Pasca Perang Dunia II, menurut Prof Sutan, dunia memasuki era perlombaan senjata paling masif dalam sejarah manusia. Selama hampir 80 tahun terakhir, negara-negara adidaya berlomba mengembangkan teknologi militer paling mutakhir dengan biaya fantastis.
Ia memaparkan bahwa perang modern tidak lagi hanya mengandalkan pasukan darat, melainkan didukung oleh:
Rudal jarak jauh dan nuklir,
Kapal tanpa awak pembawa bom,
Drone tempur canggih,
Kapal selam nuklir,
Hingga sistem persenjataan luar angkasa atau star wars.
Industri-industri senjata tersebut dibangun secara rahasia di Amerika, Eropa, Rusia, hingga Asia, dengan satu tujuan utama: bertahan hidup dan menguasai dunia.
Lebih jauh, Prof Sutan menilai bahwa perang global ini bukan semata konflik ideologi, melainkan didorong oleh kepentingan ekonomi raksasa dunia.
“Para miliarder global sedang berjudi. Mereka ingin menguasai sumber daya alam, energi dunia, pasar global, bahkan mengatur populasi manusia dan kekuatan angkasa,” ungkapnya.
Menurutnya, pangkalan militer kini tidak hanya dibangun di darat dan laut, tetapi juga mulai merambah wilayah angkasa luar sebagai bagian dari strategi perang masa depan.
Prof Sutan menyebut bahwa konflik di Timur Tengah, mulai dari Irak, Suriah, Lebanon, Yaman, hingga Palestina, bukan peristiwa berdiri sendiri. Semua itu dinilai sebagai bagian dari strategi Amerika dan Israel untuk membangun dominasi militer global.
Ia juga menyoroti perang Rusia–Ukraina sebagai perang proksi yang sengaja dipelihara untuk menguras kekuatan Rusia.
“Amerika menggunakan Ukraina sebagai alat perang terbuka untuk mengukur dan melemahkan Rusia. Rusia menghabiskan sekitar Rp9.000 triliun per tahun untuk perang ini, dengan korban jiwa yang terus bertambah,” paparnya.
Kondisi tersebut, lanjutnya, mendorong Rusia memperkuat aliansi militernya dengan China, Korea Utara, dan Iran guna mempersiapkan perang terbuka berskala global.
Salah satu poin krusial yang disampaikan Prof Sutan adalah penilaian bahwa Samudra Indo-Pasifik akan menjadi medan utama Perang Dunia Ketiga, bukan Timur Tengah.

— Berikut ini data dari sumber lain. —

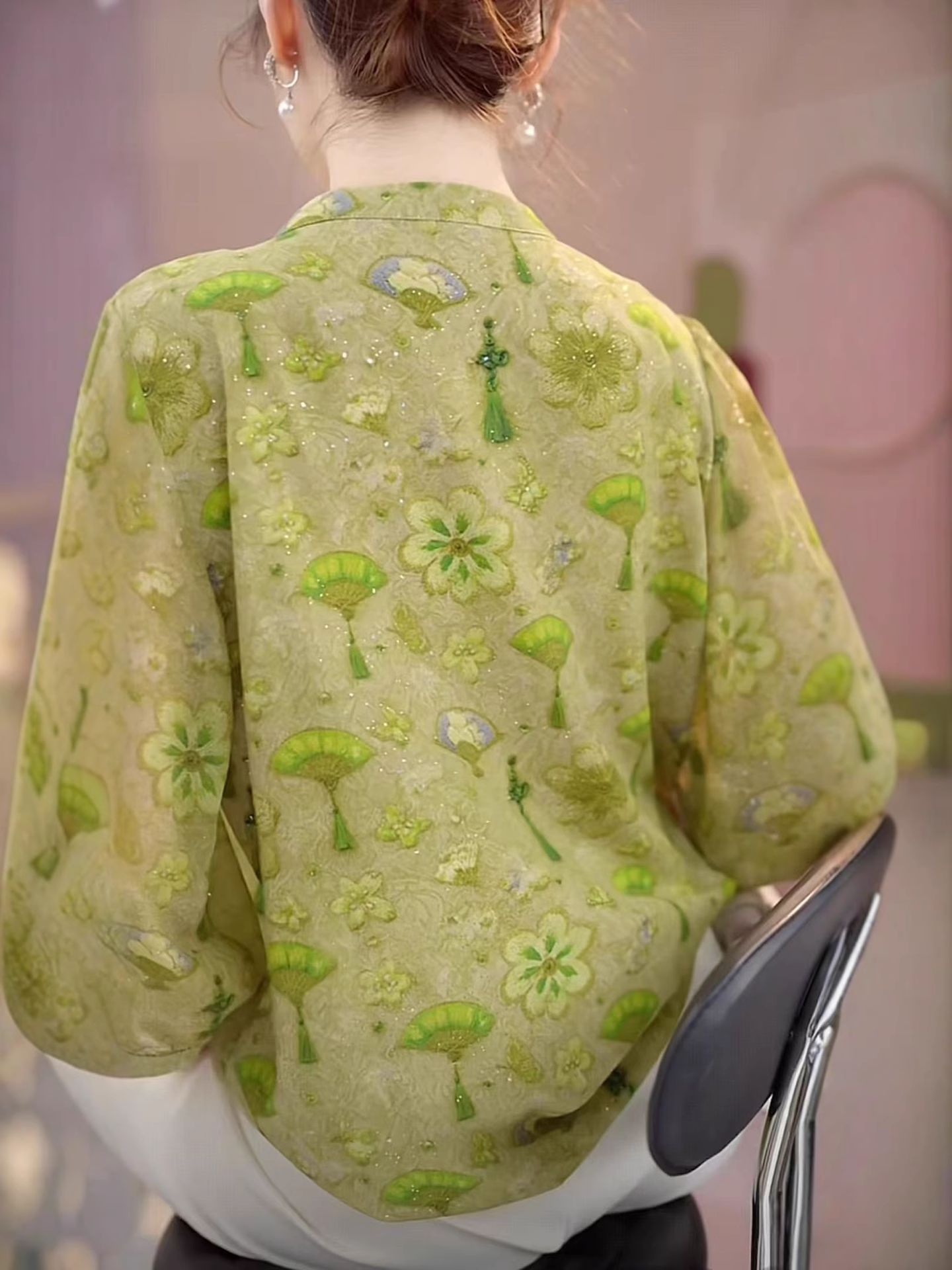 드롭쉬핑 스타일리시한 프린트로 나이를 줄여주는 화이트 쉬폰 셔츠, 여름 7부소매 셔츠, 루즈하고 슬림한 탑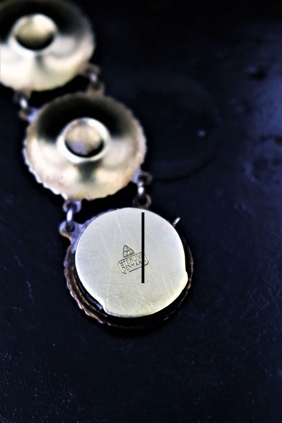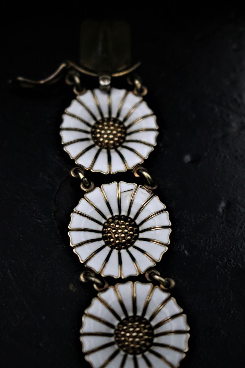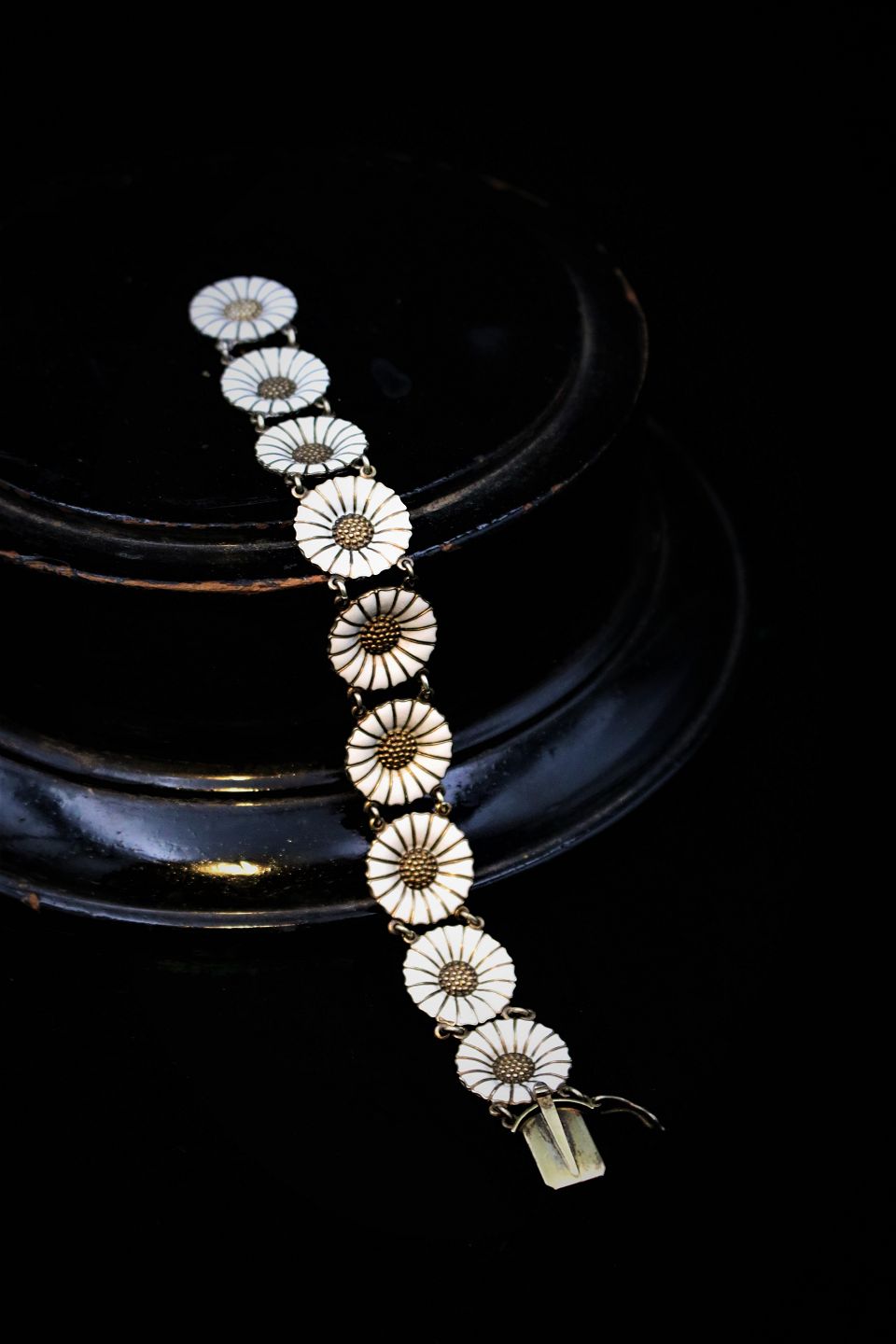 Old Marguerit / Daisy bracelet in sterling silver and white enamel from A. Michaelsen. Length: 18cm.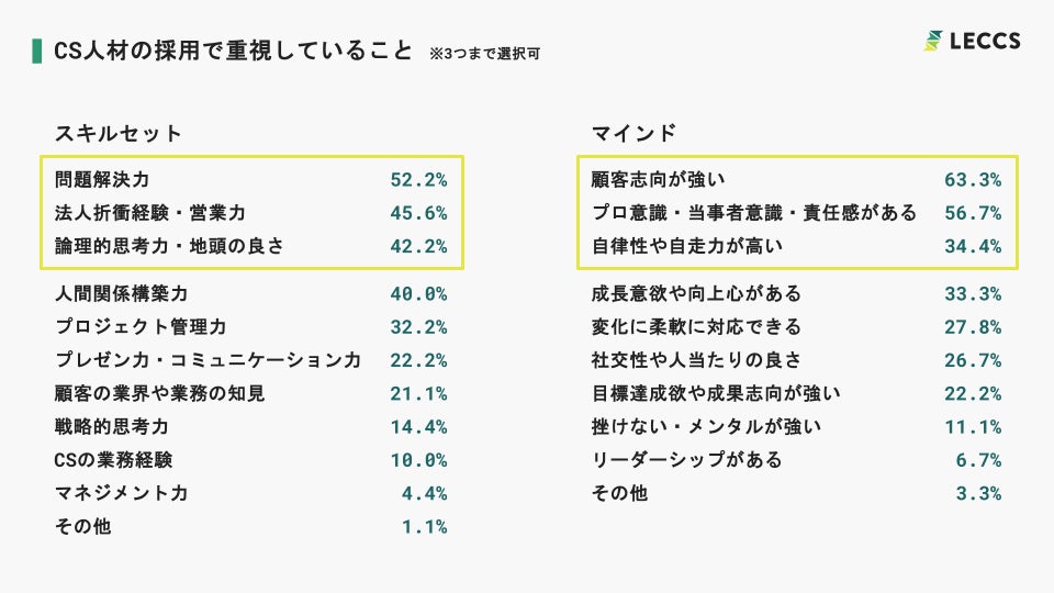 カスタマーサクセス人材の採用時に重視するスキルセットは、1位「問題解決力」2位「法人折衝経験・営業力」3位「論理的思考力・地頭の良さ」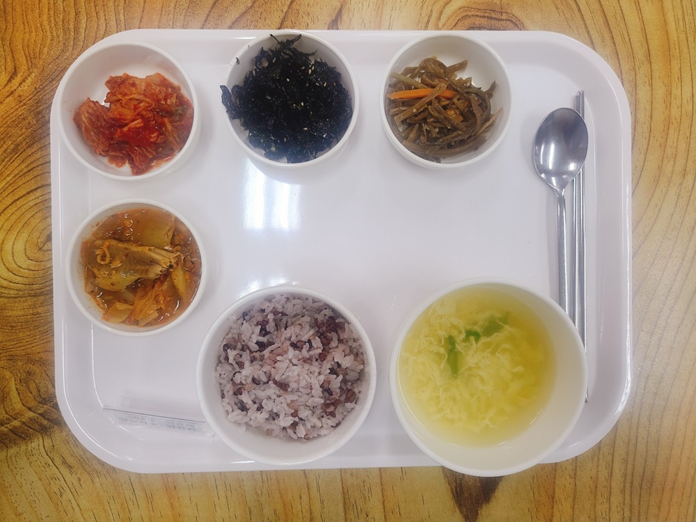 08월 07일 중식은 <백미밥(죽/잡곡밥) / 계란파국 / 꽁치캔김치지짐 / 고구마순들기름지짐 / 건파래자반볶음 / 김치 > 였습니다.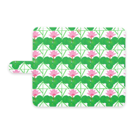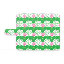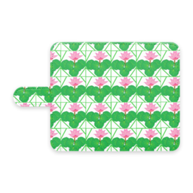 手帳型Androidケース 花02 ボヘミアン グリーン ピンク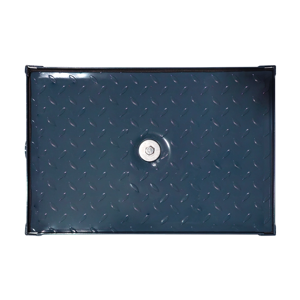Diamond plate cover with a center bolt ensures a tight seal. Keeps unpleasant odors contained and maintains a clean, professional environment.
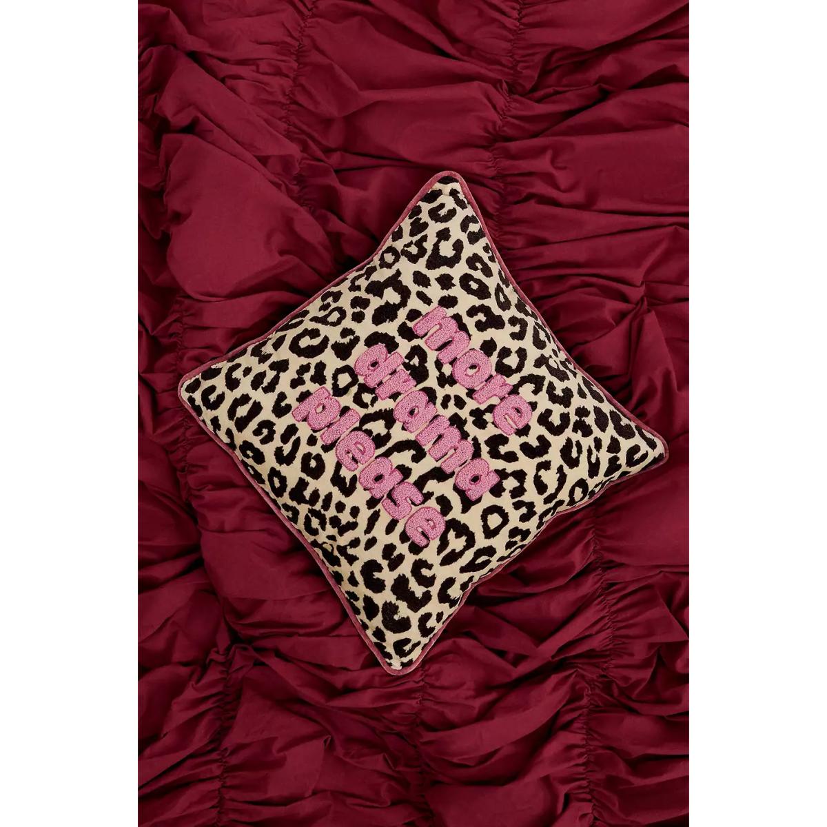 Statement leopard print cushion with dramatic flair. Crafted from cotton with a soft filling, complete with a textured pink 'more drama please' slogan and pink piping on the trim. **Content + Care** \- Outer: 100% Cotton \- Filling 100% Polyester \- Spot clean **Size** \- 45cm x 45cm

Amerika Serikat, kata dia, secara strategis memusatkan kekuatan militernya di kawasan Indo-Pasifik untuk menghadapi China, termasuk dengan mendukung Taiwan dan mengamankan pasokan chip dari TSMC guna menopang industri persenjataan.
“Amerika berani menentukan lokasi perang dunia ketiga di Samudra Indo-Pasifik karena mereka harus menjaga negaranya sendiri. Ini sangat dekat dengan Indonesia,” tegasnya.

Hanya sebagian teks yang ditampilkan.